The Paleontology of North America

the Precambrian - 4000 to 543 Million Years Ago

Paleontology and Paleoclimate: Earth was formed approximately 4.5 billion years ago (bya). For nearly 4 billion years after that, or roughly seven-eighths of the Earth's history, the only living things on Earth were single-celled organisms. This immense stretch of time is called the Precambrian, which can be divided into two eons: the Archean (approx. 4 bya to 2.5 bya) and the Proterozoic (2.5 bya to 543 million years ago). Some of the most important events in biological history took place during the Precambrian. Consider that the Earth formed, life originated, the first tectonic plates formed and began to move, eukaryotic cells evolved, the atmosphere became enriched in oxygen—and just before the end of the Precambrian, during a time interval called the Ediacaran (600-542 million years ago), complex multicellular organisms, including the first animals, evolved. Paleogeography: Rodinia, the oldest supercontinent for which we have some record, formed during the middle Proterozoic (~ 1100 million years ago) with North America in the center, South America to the east, and Australia and Antarctica to the west. When the Panthalassic Ocean formed about 750 million years ago, Rodinia was split into two parts. One part (North America) moved south, crossing the pole, while the other (Antarctica, Australia, India, Arabia, and parts of China) headed toward the North Pole.

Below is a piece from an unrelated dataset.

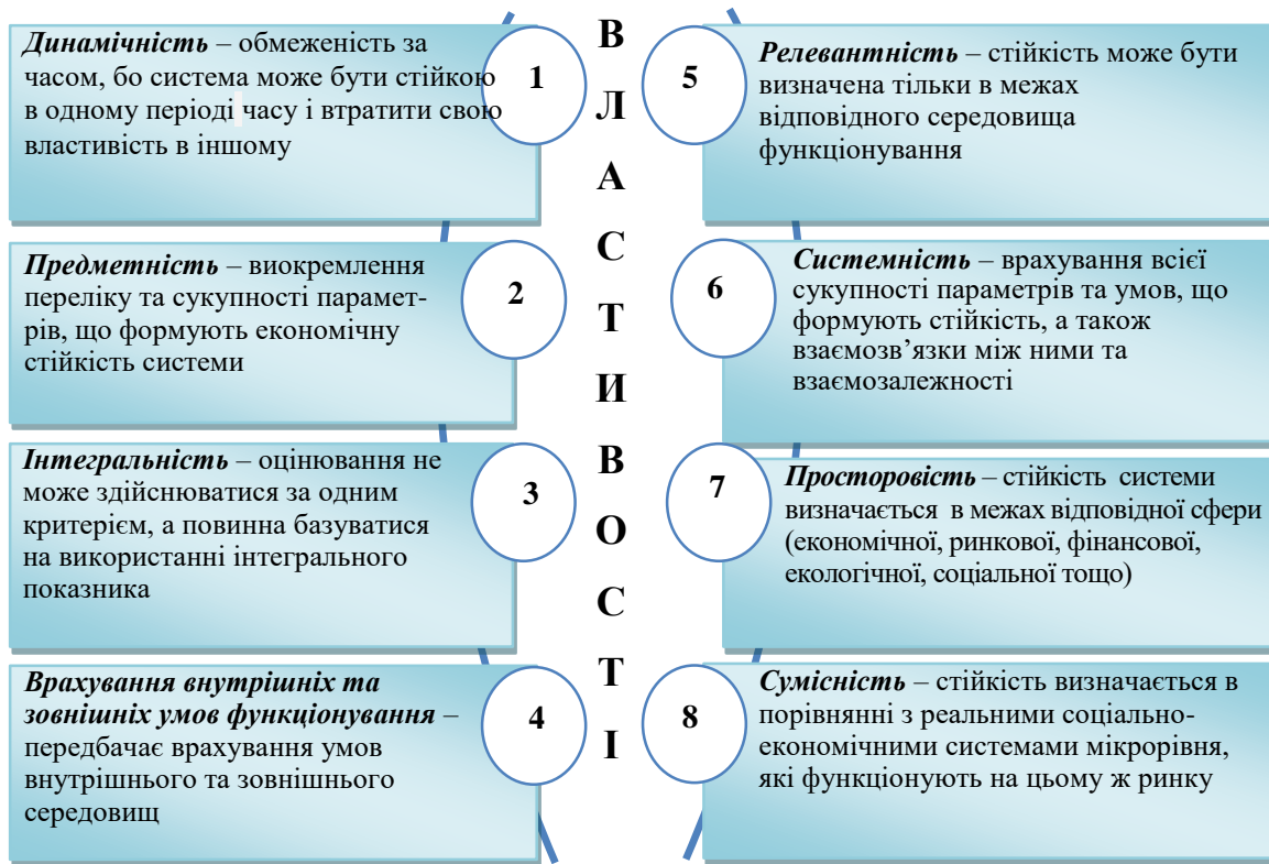
Рисунок 2. Основні властивості категорії «економічна стійкість соціально-економічної системи»

By the end of the Precambrian (~ 600 million years ago), these two parts collided with the newly formed Congo craton (north-central Africa) and formed the supercontinent Pannotia.

North America Today

Most of what we know as present-day North America was underwater during the Precambrian. Later, limestones, sandstones, and shales were deposited on top of the Precambrian deposits, as North America was periodically covered by shallow seas or received sediments from higher ground. Several continental collisions pushed Precambrian basement rocks up, exposing them in mountainous regions like the Rockies and the Appalachians, as well as in the Canadian Shield (throughout Wisconsin, Minnesota, Michigan, New York, and East Central Canada). However, Precambrian rocks underlie the majority of North America today.